Slide 11 — Worked example: forty support conversations
Let's trace one run end to end. The corpus: forty support conversations tagged onboarding. The researcher read ten of them, drafted a nine-code codebook, and anonymised the export. Four coding agents took ten conversations each and returned a hundred and sixty-three coded excerpts, every quote verbatim with a ticket reference. Clustering proposed six themes — the biggest was confusion between inviting a teammate and transferring ownership, in fourteen of the forty conversations. The challenge pass demoted two themes: one was thin, and one quietly generalised from people who wrote in to users in general. The researcher spot-checked quotes, set confidence levels, and paired the lead theme with analytics before anyone sized a fix. Total researcher time, about ninety minutes — spent on reading and interpretation, which is exactly where it belongs.
Slide 12 — Exercise: theme a small corpus and audit the trail
Time to run this on your own material. Pick a small corpus you already have — fifteen to thirty support tickets or reviews, or three to five old transcripts — and start by anonymising it and checking that consent actually covers automated analysis. Read a third of it yourself, then write a codebook of eight to twelve codes. Run the synthesis: coding with verbatim quotes, themes with coverage counts, a challenge pass. Then the part that matters most: audit the trail. Pick five quotes at random and go find them in the sources. Finally, write the interpretation by hand — a confidence level for each theme, what it means, and one open question you are parking.
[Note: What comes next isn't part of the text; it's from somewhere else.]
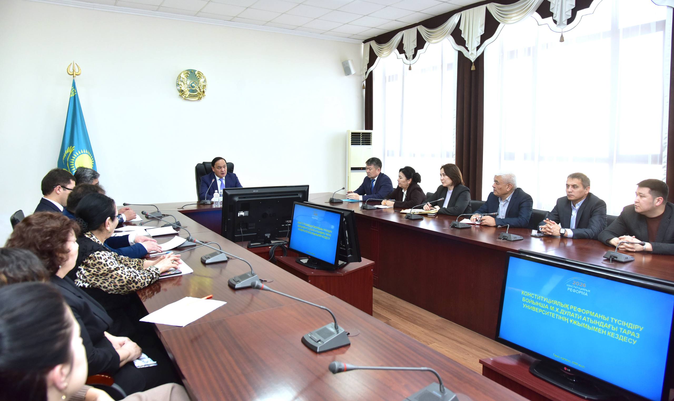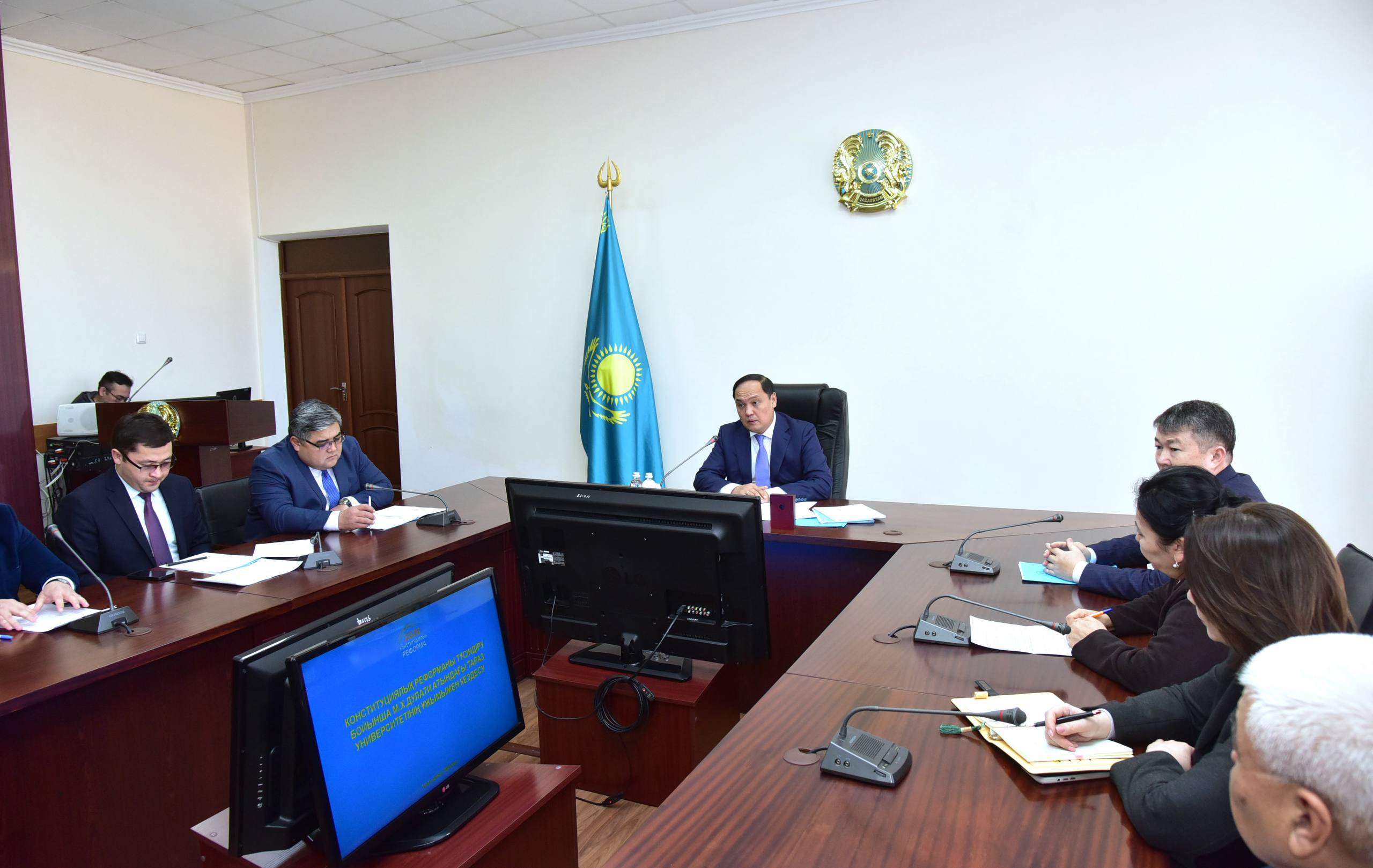 Университет қабырғасында Жамбыл облысының әкімі Ербол Қарашөкеевтың төрағалығымен профессор-оқытушылар құрамымен кездесу ұйымдастырылды.

If all five quotes check out, you have earned some trust in the pipeline. If one fails, you have learned, cheaply, exactly why the rules exist.
Slide 13 — Summary, and what comes next
Let's close. Synthesis is two jobs, and this module split them deliberately. Agents do the sorting: coding against your codebook, clustering into themes, counting coverage, and challenging their own output for thin evidence and contradictions. You do the meaning: consent before the run, the codebook, the spot-check, the confidence levels, and the call about what changes because of it. The output is a packet with the evidence trail intact — not a deck of adjectives. And the counts, remember, describe your sample, not your user base. That is exactly where Module 4 picks up: surveys, experiments, and funnel diagnosis — the quantitative work where agents speed things up but the rigour still has to come from you. See you there.